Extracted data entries
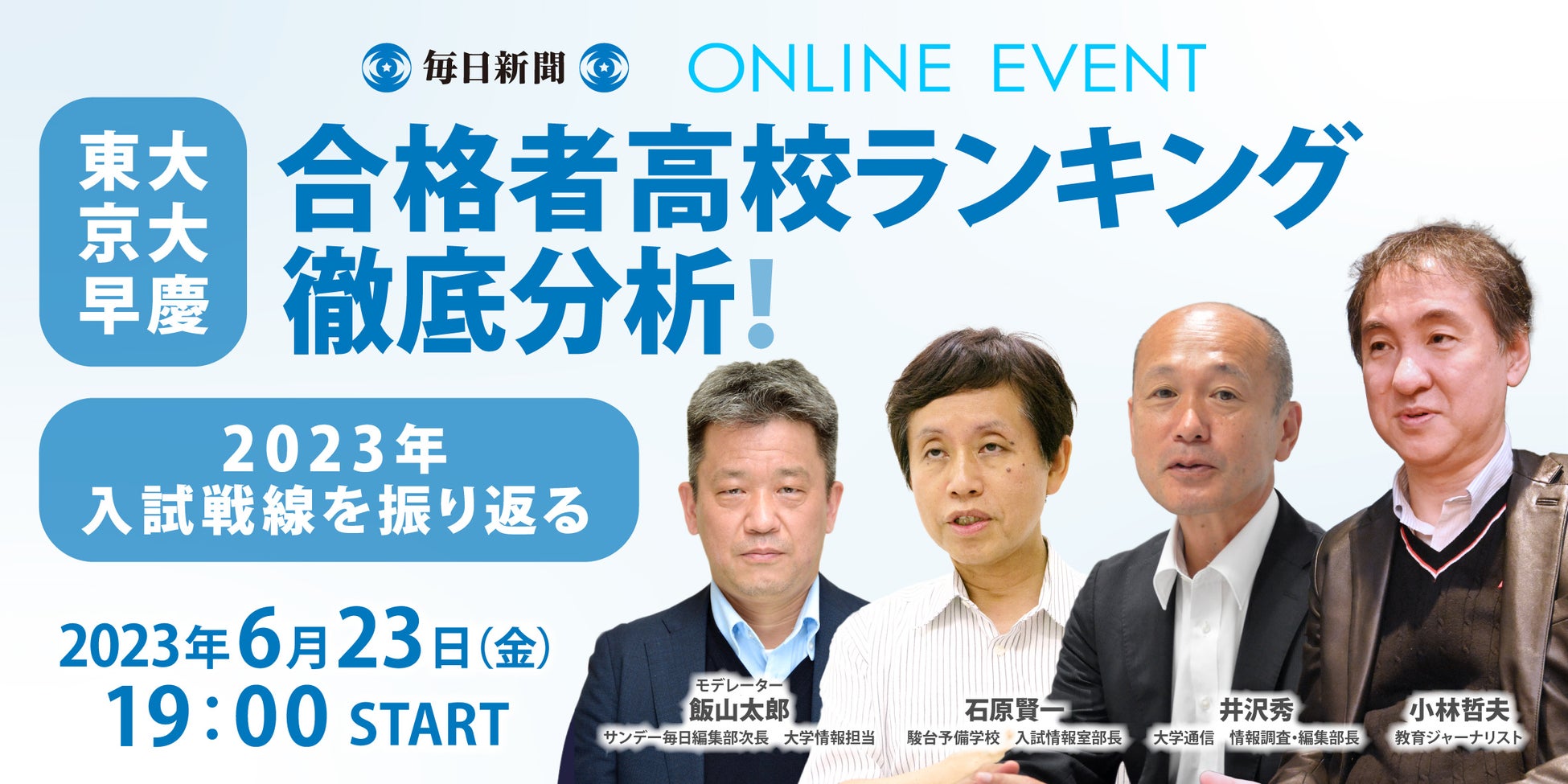 サンデー毎日発オンラインイベント「東大・京大・早慶合格者高校ランキング徹底分析!」6月23日(金)開催
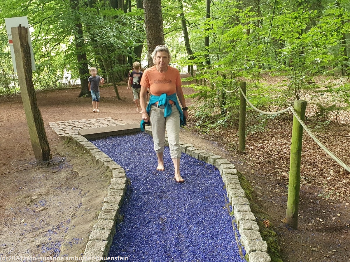 wir stehen auch heute um 08:30 uhr auf. es ist trocken, wenn auch etwas windig. die bedingungen sind gut genug, um im freien zu frühstücken. nach dem abwaschen packen wir zusammen und melden uns beim empfang ab. über die A7 gelangen wir nach egestorf, wo wir den barfusspark besuchen. der besucherandrang ist sehr erträglich. es sind viele familien mit kindern unterwegs, der park ist super geeignet für familien mit kinder jeden alters. der rundweg führt über unterschiedliche unterlagen inklusive holz, stein, glasscherben, pfirsichkerne, tannzapfen, tannenzweige, schlamm- und torfbäder. der waldboden ist angenehm zu begehen. der pfad ist sehr abwechslungsreich. die über 60 posten haben nicht nur mit barfussgehen zu tun, sondern es gibt noch diverse andere attraktionen wie klänge, pendel usw. etwas besonderes ist die "längste barfuss-begehbare hängebrücke". um 12:30 uhr sind wir wieder beim ausgangspunkt.
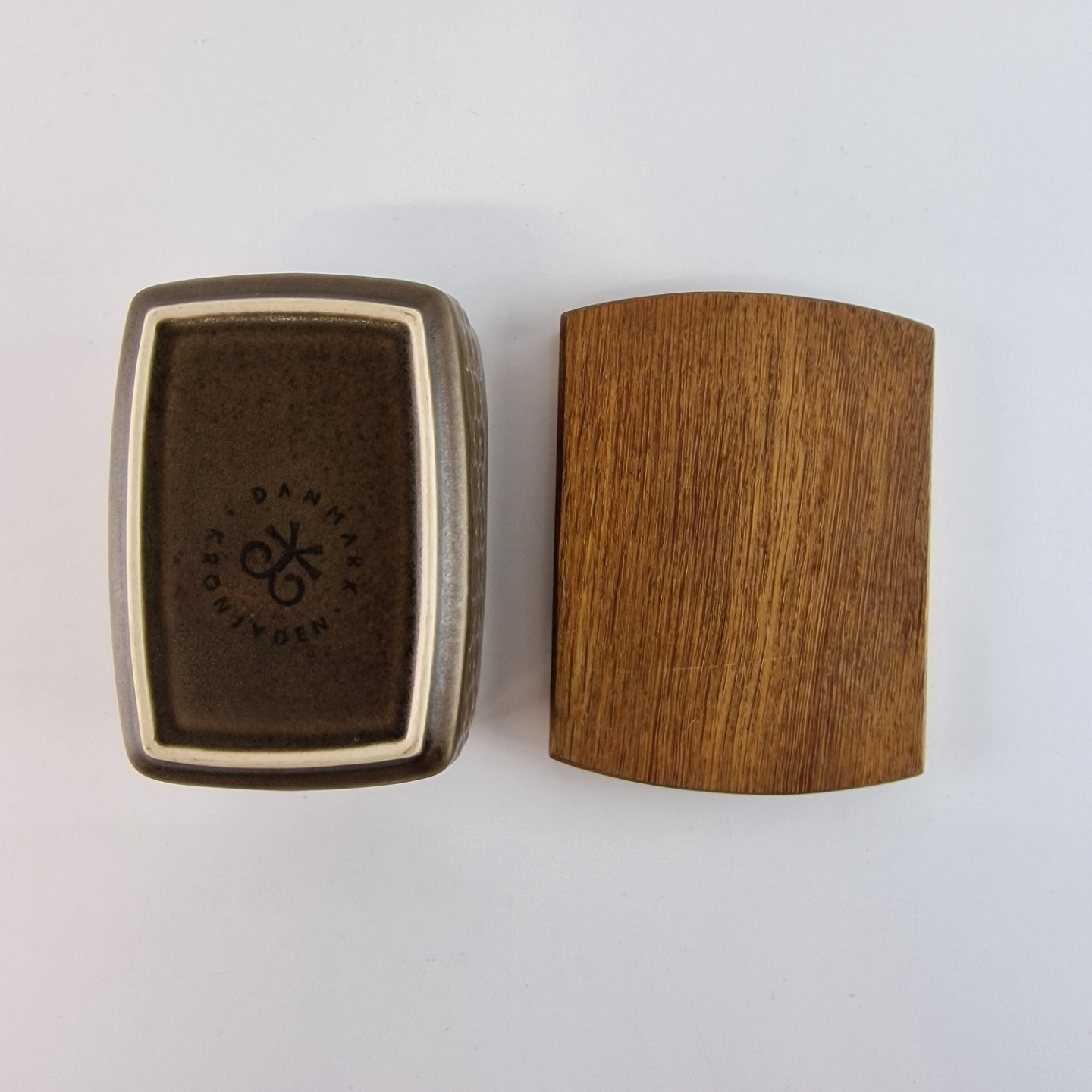 Smørskål i stentøj med trælåg fra stellet Umbra
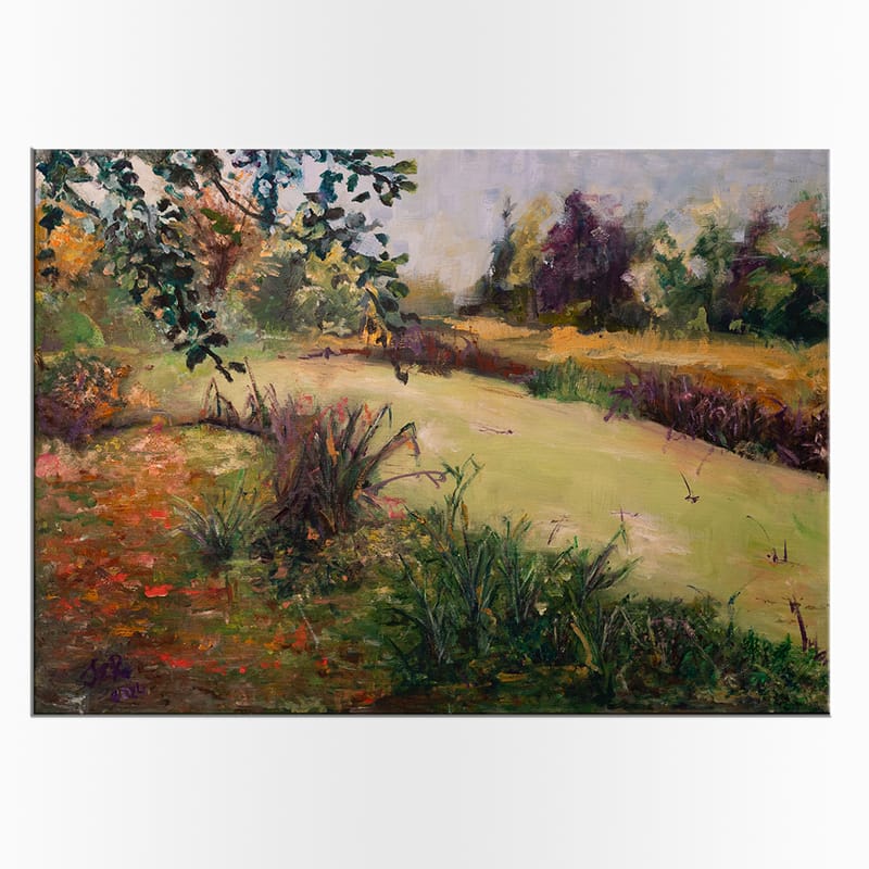 Obraz „Szepty natury” to subtelne przedstawienie spokojnego zakątka przyrody, gdzie dominuje cisza, spokój i harmonia. Artysta uchwycił delikatną zieleń traw, miękki poblask słonecznego światła oraz półcienie, które dodają głębi kompozycji. Ręcznie malowany, techniką olejną, obraz ten przyciąga wzrok swoim ciepłem i nostalgicznym urokiem, przypominając widoki znane z letnich spacerów nad brzegiem zarośniętego stawu. Obraz przypomina nam, że w naturze można znaleźć ukojenie i równowagę, a także przestrzeń do refleksji. Przez bogactwo odcieni zieleni, fioletów i brązów, artysta zachęca odbiorcę do zatrzymania się i poczucia bliskości z otaczającą przyrodą.
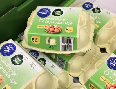 Ves november so bile škatle z BIO jajci in jajci Naše nam paše v vseh trgovinah Lidl Slovenija opremljene z modrimi nalepkami 'Ne pozabi na jajca'.
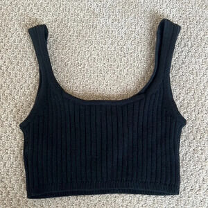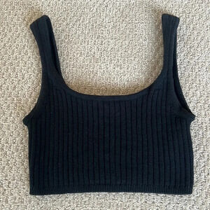 Aritzia Wilfred Manila Merino Wool Cropped Ribbed Tank | Size XS Black
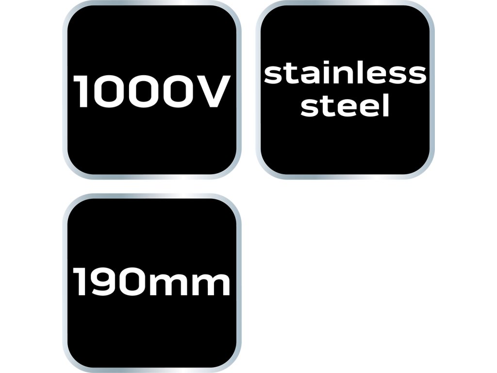Montážny nôž 1000V, 190 mm, tvrdosť čepele 51-53 HRc, 2-zložková rukoväť, ochranná krytka čepele, CrV oceľ
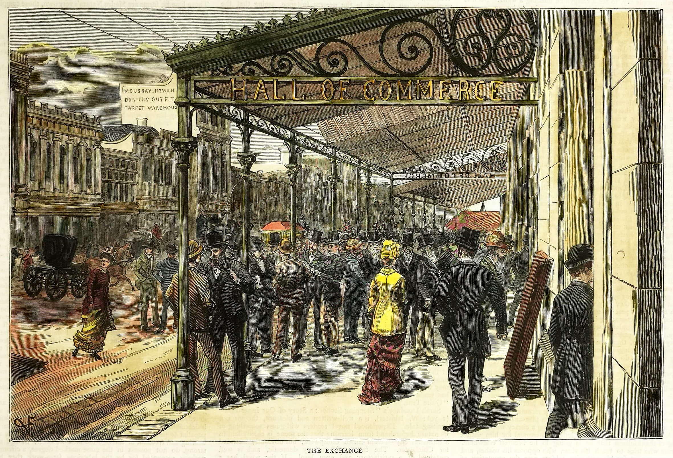 Engraved view of a stockbrokers under the verandah at the stock exchange building in Collins Street, Melbourne. The handful of brokers operating in Melbourne traded in rented space in the Hall of Commerce from 1865 until 1880 and elsewhere in the city until the newly established Stock Exchange of Melbourne (1884) moved into its own building at 380 Collins Street in 1891.
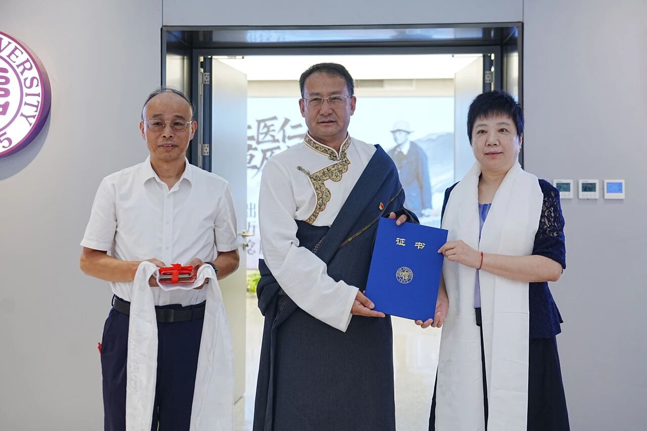 报告会前,“上医仁心 草原曼巴——杰出校友王万青同志纪念展”开展仪式在上医文化中心举行。仪式上,上海医学院副院长吴凡向王团胜颁发捐赠证书,上海医学院党委副书记、纪委书记胡华忠接受捐赠实物。纪念展里一幅幅图片勾勒人生轨迹,一件件实物见证奉献历程,现场观众在观展中提前与榜样对话,汲取奋进力量。
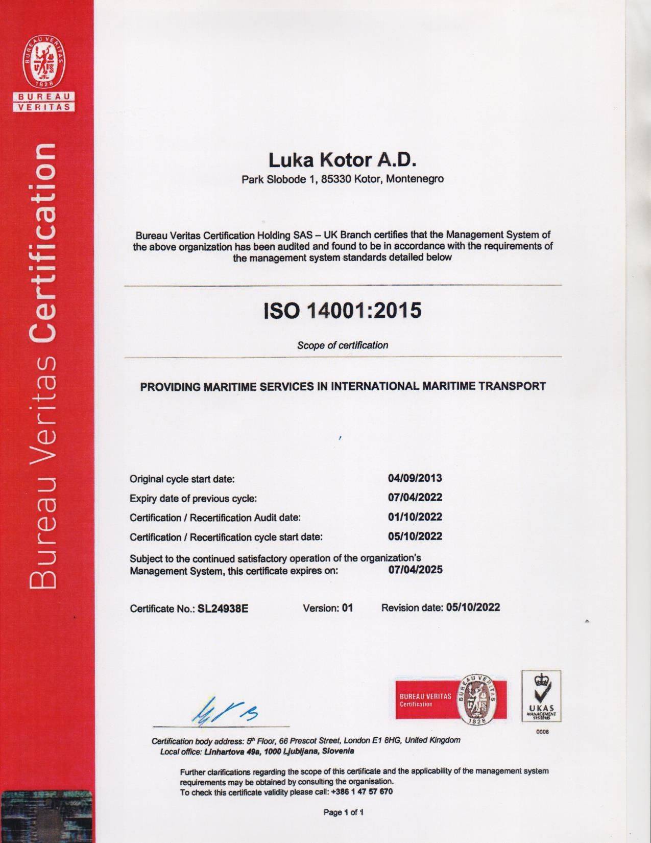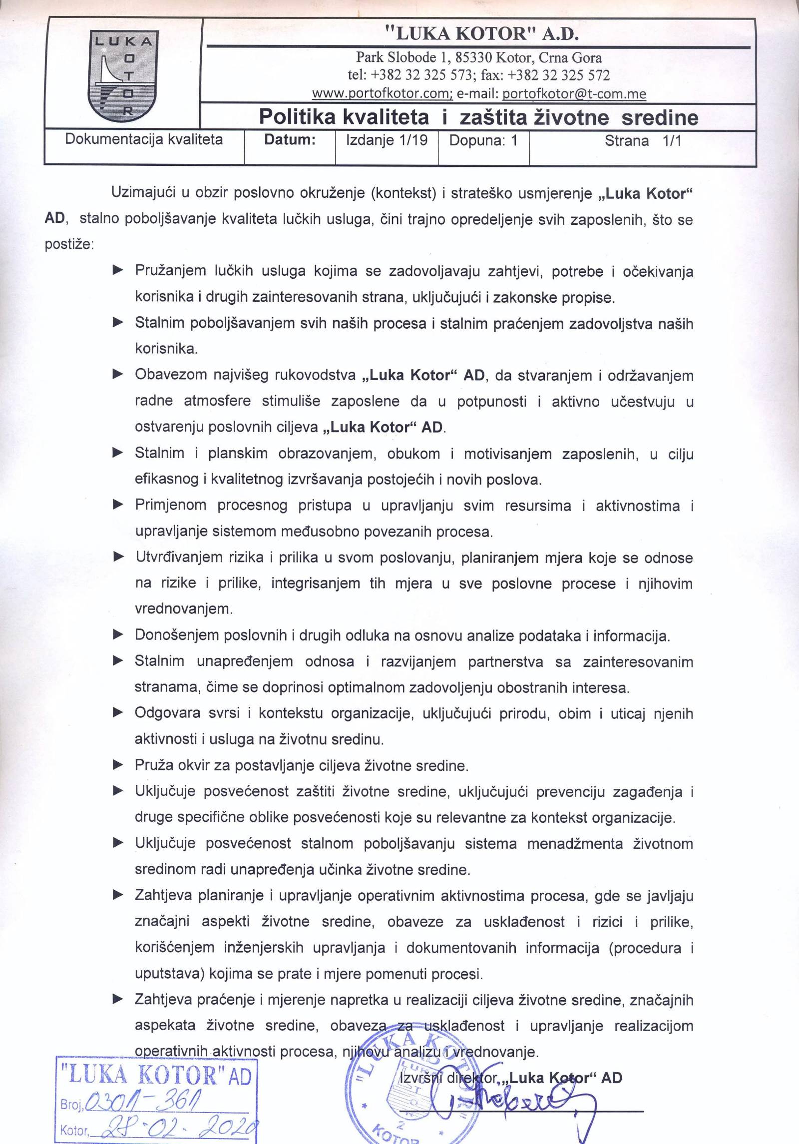 Luka Kotor permanentno radi na podizanju kvaliteta svojih usluga i stalnim unapredjenjem procedura u poslovanju kao i podizanju ekološke zaštite našeg akvatorijuma.
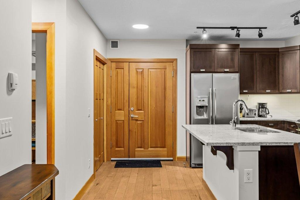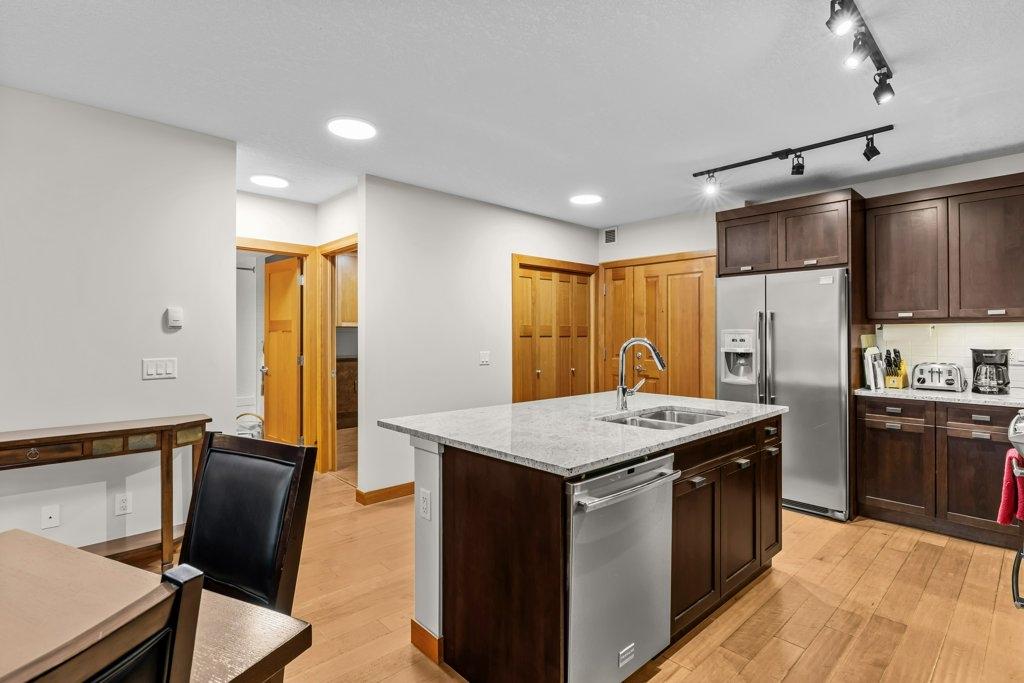 This inviting 1-bedroom+den, 2-bath home offers a well-designed 921 sq. ft. layout that perfectly balances gathering spaces with private retreats. Beautifully upgraded, it features a modern kitchen and bathrooms with custom wood cabinetry and quality finishes throughout. Sold fully furnished, this turn-key property is ideal for personal or family use, or as a long-term rental mountain retreat. The primary bedroom is a relaxing sanctuary with an updated ensuite, while the den’s Murphy bed allows the space to function as both a bedroom and a home office. Located in the highly sought-after Serenity Ridge development in Stewart Creek, residents enjoy a quiet setting with easy access to trails, golf, shopping, and schools. Amenities include secure underground parking, onsite storage, a hot tub, and an owner’s lounge. With its style, flexibility, and prime location, this move-in-ready home should be on your short list—come experience the Canmore lifestyle. It is calling you ‘HOME’.
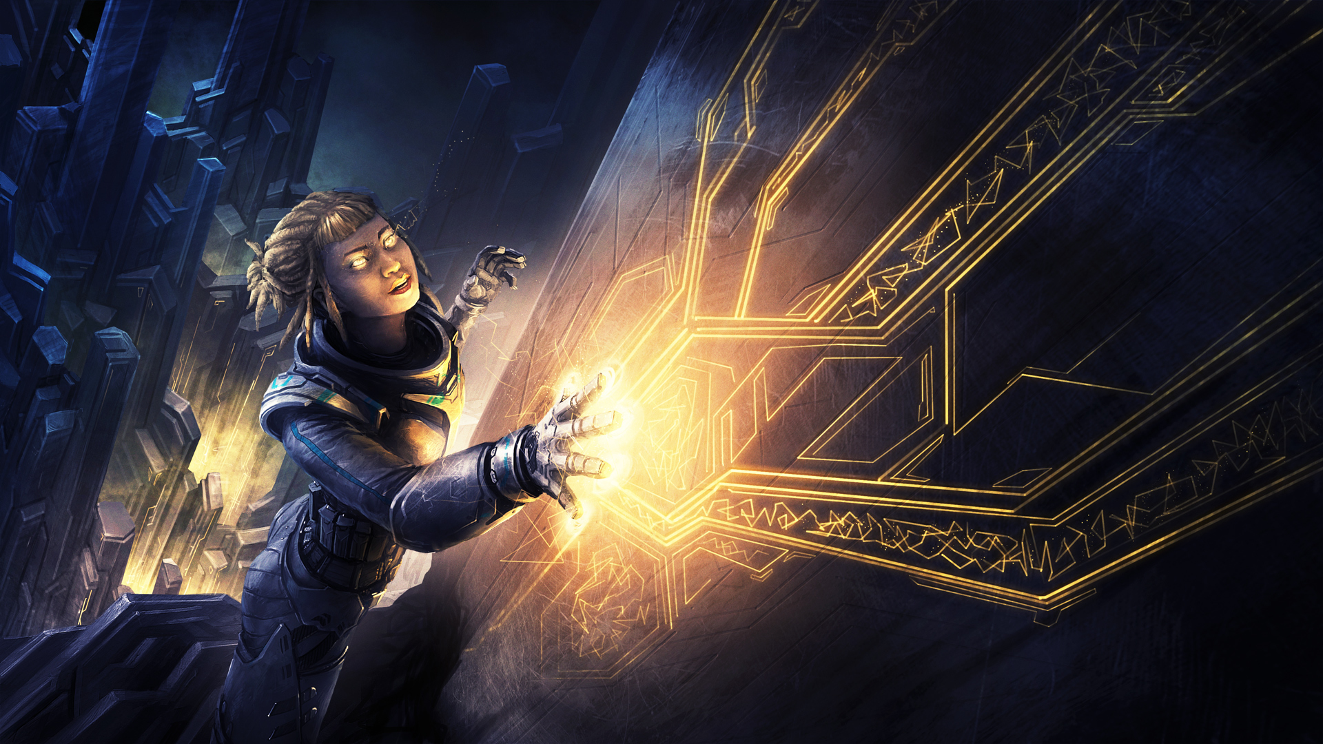 Description: A woman in a futuristic city holding a glowing object in her hand and looking at the camera with a glowing light in her hand.
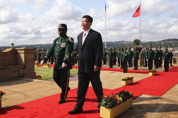 2013年3月26日,南非總統(tǒng)祖馬在比勒陀利亞聯(lián)邦大廈前廣場(chǎng)舉行儀式,歡迎中國(guó)國(guó)家主席習(xí)近平訪問(wèn)南非。( 新華社記者蘭紅光攝)
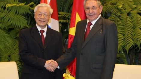 (VOVWORLD) - El secretario general del Partido Comunista y presidente de Vietnam, Nguyen Phu Trong, transmitió el jueves sus felicitaciones al primer secretario del Partido Comunista de Cuba, Raúl Castro Ruz, y al presidente Miguel Díaz-Canel, en ocasión del aniversario 62 del Día del Triunfo de la Revolución Cubana (1 de enero de 1959).
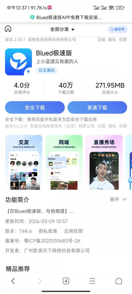 搜索豌豆荚内下载blued极速版或者任意平台下载blued极速版

**Exercise directions**
Could you copy every record above exactly, leaving out the pictures?

**Response for this exercise**
 サンデー毎日発オンラインイベント「東大・京大・早慶合格者高校ランキング徹底分析!」6月23日(金)開催
 wir stehen auch heute um 08:30 uhr auf. es ist trocken, wenn auch etwas windig. die bedingungen sind gut genug, um im freien zu frühstücken. nach dem abwaschen packen wir zusammen und melden uns beim empfang ab. über die A7 gelangen wir nach egestorf, wo wir den barfusspark besuchen. der besucherandrang ist sehr erträglich. es sind viele familien mit kindern unterwegs, der park ist super geeignet für familien mit kinder jeden alters. der rundweg führt über unterschiedliche unterlagen inklusive holz, stein, glasscherben, pfirsichkerne, tannzapfen, tannenzweige, schlamm- und torfbäder. der waldboden ist angenehm zu begehen. der pfad ist sehr abwechslungsreich. die über 60 posten haben nicht nur mit barfussgehen zu tun, sondern es gibt noch diverse andere attraktionen wie klänge, pendel usw. etwas besonderes ist die "längste barfuss-begehbare hängebrücke". um 12:30 uhr sind wir wieder beim ausgangspunkt.
 Smørskål i stentøj med trælåg fra stellet Umbra
 Obraz „Szepty natury” to subtelne przedstawienie spokojnego zakątka przyrody, gdzie dominuje cisza, spokój i harmonia. Artysta uchwycił delikatną zieleń traw, miękki poblask słonecznego światła oraz półcienie, które dodają głębi kompozycji. Ręcznie malowany, techniką olejną, obraz ten przyciąga wzrok swoim ciepłem i nostalgicznym urokiem, przypominając widoki znane z letnich spacerów nad brzegiem zarośniętego stawu. Obraz przypomina nam, że w naturze można znaleźć ukojenie i równowagę, a także przestrzeń do refleksji. Przez bogactwo odcieni zieleni, fioletów i brązów, artysta zachęca odbiorcę do zatrzymania się i poczucia bliskości z otaczającą przyrodą.
 Ves november so bile škatle z BIO jajci in jajci Naše nam paše v vseh trgovinah Lidl Slovenija opremljene z modrimi nalepkami 'Ne pozabi na jajca'.
 Aritzia Wilfred Manila Merino Wool Cropped Ribbed Tank | Size XS Black
Montážny nôž 1000V, 190 mm, tvrdosť čepele 51-53 HRc, 2-zložková rukoväť, ochranná krytka čepele, CrV oceľ
 Engraved view of a stockbrokers under the verandah at the stock exchange building in Collins Street, Melbourne. The handful of brokers operating in Melbourne traded in rented space in the Hall of Commerce from 1865 until 1880 and elsewhere in the city until the newly established Stock Exchange of Melbourne (1884) moved into its own building at 380 Collins Street in 1891.
 报告会前,“上医仁心 草原曼巴——杰出校友王万青同志纪念展”开展仪式在上医文化中心举行。仪式上,上海医学院副院长吴凡向王团胜颁发捐赠证书,上海医学院党委副书记、纪委书记胡华忠接受捐赠实物。纪念展里一幅幅图片勾勒人生轨迹,一件件实物见证奉献历程,现场观众在观展中提前与榜样对话,汲取奋进力量。
 Luka Kotor permanentno radi na podizanju kvaliteta svojih usluga i stalnim unapredjenjem procedura u poslovanju kao i podizanju ekološke zaštite našeg akvatorijuma.
 This inviting 1-bedroom+den, 2-bath home offers a well-designed 921 sq. ft. layout that perfectly balances gathering spaces with private retreats. Beautifully upgraded, it features a modern kitchen and bathrooms with custom wood cabinetry and quality finishes throughout. Sold fully furnished, this turn-key property is ideal for personal or family use, or as a long-term rental mountain retreat. The primary bedroom is a relaxing sanctuary with an updated ensuite, while the den’s Murphy bed allows the space to function as both a bedroom and a home office. Located in the highly sought-after Serenity Ridge development in Stewart Creek, residents enjoy a quiet setting with easy access to trails, golf, shopping, and schools. Amenities include secure underground parking, onsite storage, a hot tub, and an owner’s lounge. With its style, flexibility, and prime location, this move-in-ready home should be on your short list—come experience the Canmore lifestyle. It is calling you ‘HOME’.
 Description: A woman in a futuristic city holding a glowing object in her hand and looking at the camera with a glowing light in her hand.
 2013年3月26日,南非總統(tǒng)祖馬在比勒陀利亞聯(lián)邦大廈前廣場(chǎng)舉行儀式,歡迎中國(guó)國(guó)家主席習(xí)近平訪問(wèn)南非。( 新華社記者蘭紅光攝)
 (VOVWORLD) - El secretario general del Partido Comunista y presidente de Vietnam, Nguyen Phu Trong, transmitió el jueves sus felicitaciones al primer secretario del Partido Comunista de Cuba, Raúl Castro Ruz, y al presidente Miguel Díaz-Canel, en ocasión del aniversario 62 del Día del Triunfo de la Revolución Cubana (1 de enero de 1959).
 搜索豌豆荚内下载blued极速版或者任意平台下载blued极速版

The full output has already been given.